Un incontro a Milano: il voto anche come opportunità per costruire le alleanze di domani.

Il 29 marzo scorso, al circolo sociale Lato B di Milano, si è tenuto un incontro sui contenuti dei quesiti referendari, organizzato dal centro culturale Concetto Marchesi. Il centro culturale è da sempre promotore di quella tessitura di relazioni necessarie per la coltivazione e circolazione di idee volte alla costruzione di una visione del mondo altra, importante per il nutrimento di quella speranza legata al superamento delle strutture esistenti, capace di riempire di senso identità collettive e azioni quotidiane di tutte quelle persone che vogliono far parte di un progetto generativo e trasformativo.

Nell’incontro si è sviluppato un interessante dialogo tra le diverse realtà politiche coinvolte, cominciato con un’introduzione dei contenuti dei quattro quesiti sul lavoro e di quello sulla cittadinanza, collegati dalla necessità di superare la precarietà dell’esistenza e dalla volontà di tornare indietro per ripartire. Sia la ricattabilità nel rapporto lavorativo che l’innalzamento degli ostacoli alla partecipazione politica nel territorio di residenza vanno intesi come una regressione del modello di civiltà verso il quale dovremmo orientarci. Senza dimenticarci che il vero obiettivo della deregulation voluta dai cavalieri del neoliberismo è la distruzione della coscienza collettiva e dell’azione rivendicativa di classe.
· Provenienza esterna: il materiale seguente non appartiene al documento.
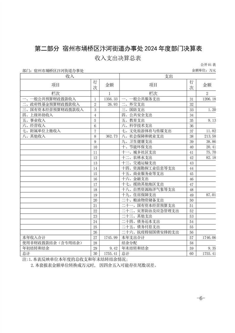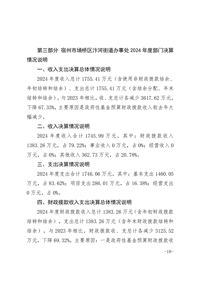 【部门决算】宿州市埇桥区汴河街道2024年度部门决算
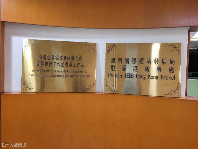 海南国际经济发展局香港办事处、海南省政协琼港经济发展合作推进工作组香港工作站铭牌

Marco Dal Toso, per Sinistra italiana, ha sostenuto che la sinistra politica dovrebbe partire dal ragionamento sui referendum per immaginare come rafforzare la posizione strutturale della rappresentanza del lavoro nei confronti del capitale, ad esempio andando oltre l’articolo 18 così come previsto dalla legge 92/2012 (legge Fornero), risultato che otterremmo con il primo quesito, per garantire il pieno diritto alla reintegra in caso di licenziamento illegittimo e così inibire gli abusi da parte padronale, ma anche rendendo residuale il ricorso a forme di lavoro “atipico”.

Matteo Prencipe, per Rifondazione comunista, ha fatto riferimento a problemi di portata generale, come l’assenza di speranza per gli abitanti del nostro mondo e in particolare del nostro territorio, con la battaglia referendaria intesa come momento nel quale sperimentare una pratica di inversione di questo sentimento di rassegnazione, non fine a se stessa quindi ma inserita in un più lungo progetto di trasformazione radicale del contesto sociale e politico che non solo toglie spazio al lavoro vivo, ma anche al desiderio di generare nuova vita.

Infine Matteo Nepi, membro dell’associazione Idee Sottosopra, che si impegna nel far accedere studenti e lavoratori al dibattito contemporaneo in materia di geopolitica, non si è limitato a sostenere i quesiti referendari. Ha sostenuto che la classe lavoratrice ha bisogno di superare un approccio prettamente difensivo per riappropriarsi della definizione del modello di sviluppo desiderato, sul quale costruire conseguentemente delle rivendicazioni di classe. Non si tratta soltanto di un principio di massima e legato all’identificazione di un’utopia condivisa sulla quale far convergere il sogno comune, ma bensì di identificare, anche grazie all’analisi delle evoluzioni geopolitiche, le opportunità in termini di pianificazione dell’investimento pubblico in settori considerati strategici per l’occupazione del nostro Paese, guidandola attraverso quei principi e criteri per i quali si possa parlare di buona occupazione. Ai lavoratori, in poche parole, dare uno spazio di pianificazione politica dello sviluppo economico.

Il filo rosso della discussione è stato il lavoro che – grazie ai referendum – torna al centro del dibattito politico nella sua dimensione di classe, il desiderio di ritrovare un orizzonte di ampio respiro, il sogno di superare i confini di quel deserto che si chiama capitalismo.